Ab 25. April 1945 saßen wir fast Tag und Nacht im Bunker. Durch die sauerstoffarme Luft war jeder müde, aber trotzdem angespannt. Wir Jüngeren bedienten die Luftorgel. Es war aber heiß, sodass ich mich nur noch im Unterrock auf den Betonboden legte, der etwas Kühle abgab. Keiner redete. Bomben fielen nicht mehr, dafür gab es Kanonendonner, der sich aber in Grenzen hielt. Es waren leichtere Geschütze sowie Maschinengewehre zu hören, hell und hohl klang es im Bunker.
Wenn Pause zwischen den Kanonaden war, kam etwas Bewegung auf. Leute verschwanden nach unten, ich ging auch mit. Vor der Bunkertür standen Männer und rauchten. Eine Wasserpumpe spendete herrlich kühles Nass. Jeder trank aus einer Kelle. Ein deutscher Soldat rannte die Braunschweiger Straße von Ost nach West, hielt bei uns an und bat um Wasser. Eine Frau, die aussah wie eine Puffmutter, sagte: „Einem fliehenden deutschen Soldaten gebe ich kein Wasser.“ Ihr wurde sofort die Kelle aus der Hand gerissen, er bekam sein Wasser, sie beinahe einen Kinnhaken. Ich habe mich geschämt, sollte dieser Soldat etwa so eine Frau verteidigen?
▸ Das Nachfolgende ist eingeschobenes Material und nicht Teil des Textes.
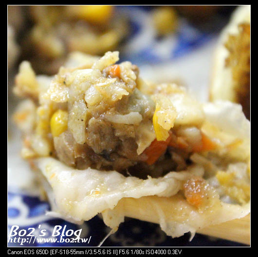 糯米糰子裡頭包的是素肉,這是最不像素食的一道。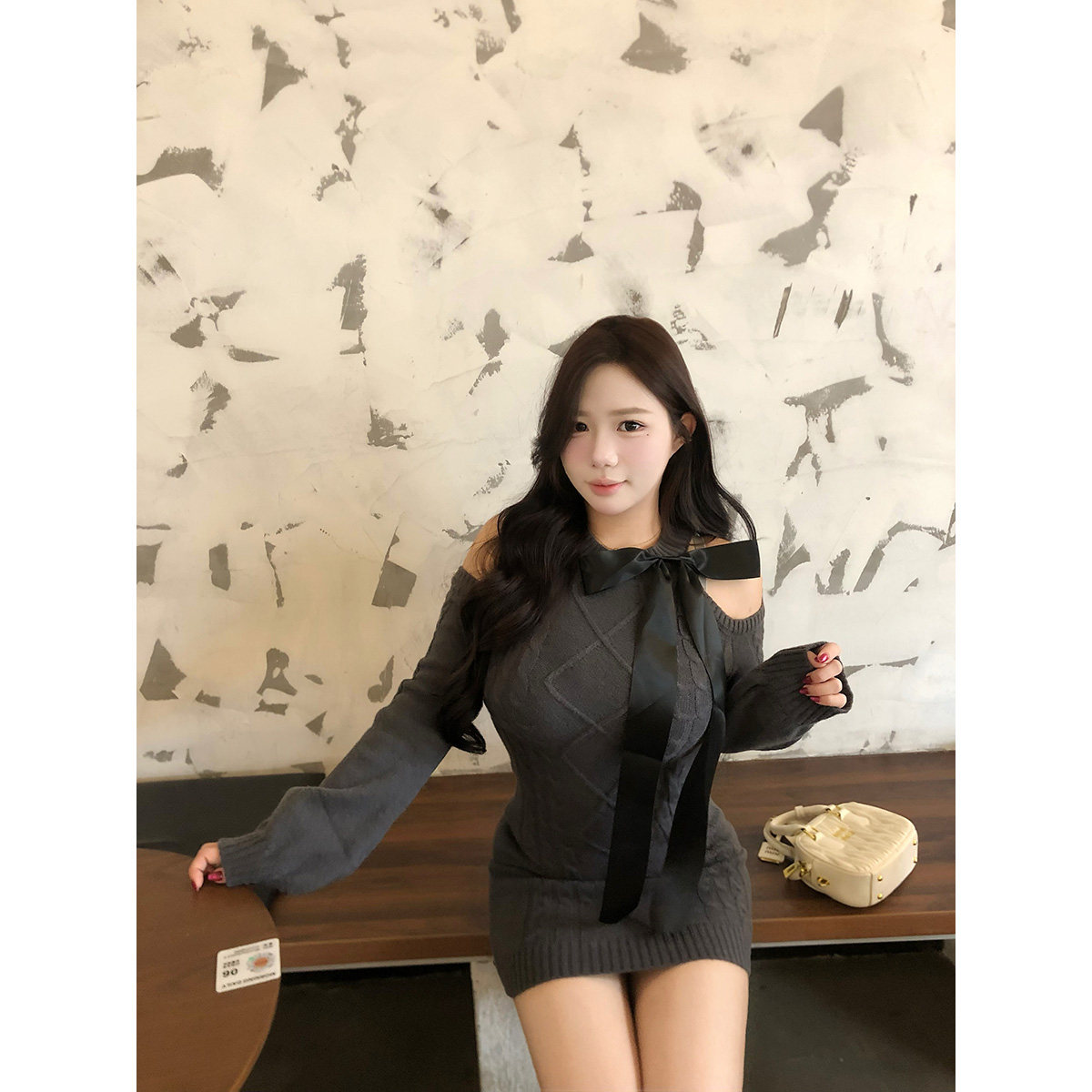 佳佳【南法千金】微胖大码女装针织连衣裙秋冬新款裙子露肩包臀裙

Am 27. April mittags gab es vom Bunkerwart die Durchsage, dass das Ostertor eingenommen sei, alle Männer vom 18. bis zum 60. Lebensjahr müssten den Bunker verlassen. Es wurde totenstill Dann Getrappel, Plätze wurden frei. Alle anderen sollten im Bunker bleiben oder könnten auf eigene Gefahr nach Hause gehen. Ich ging auch wieder nach unten. Einige Menschen gingen zur Lüneburger Straße, ich ging einfach mit, obwohl ich in dieser Richtung nicht wohnte.
Und da sah ich Soldaten mit Tommyhelmen, wie sie von einer Vorgartentreppe zur anderen sprangen. Mein Herz klopfte bis zum Halse. Ich dachte nur, das kann doch nicht wahr sein, wir haben doch Leid und Entbehrungen auf uns genommen, um zu siegen.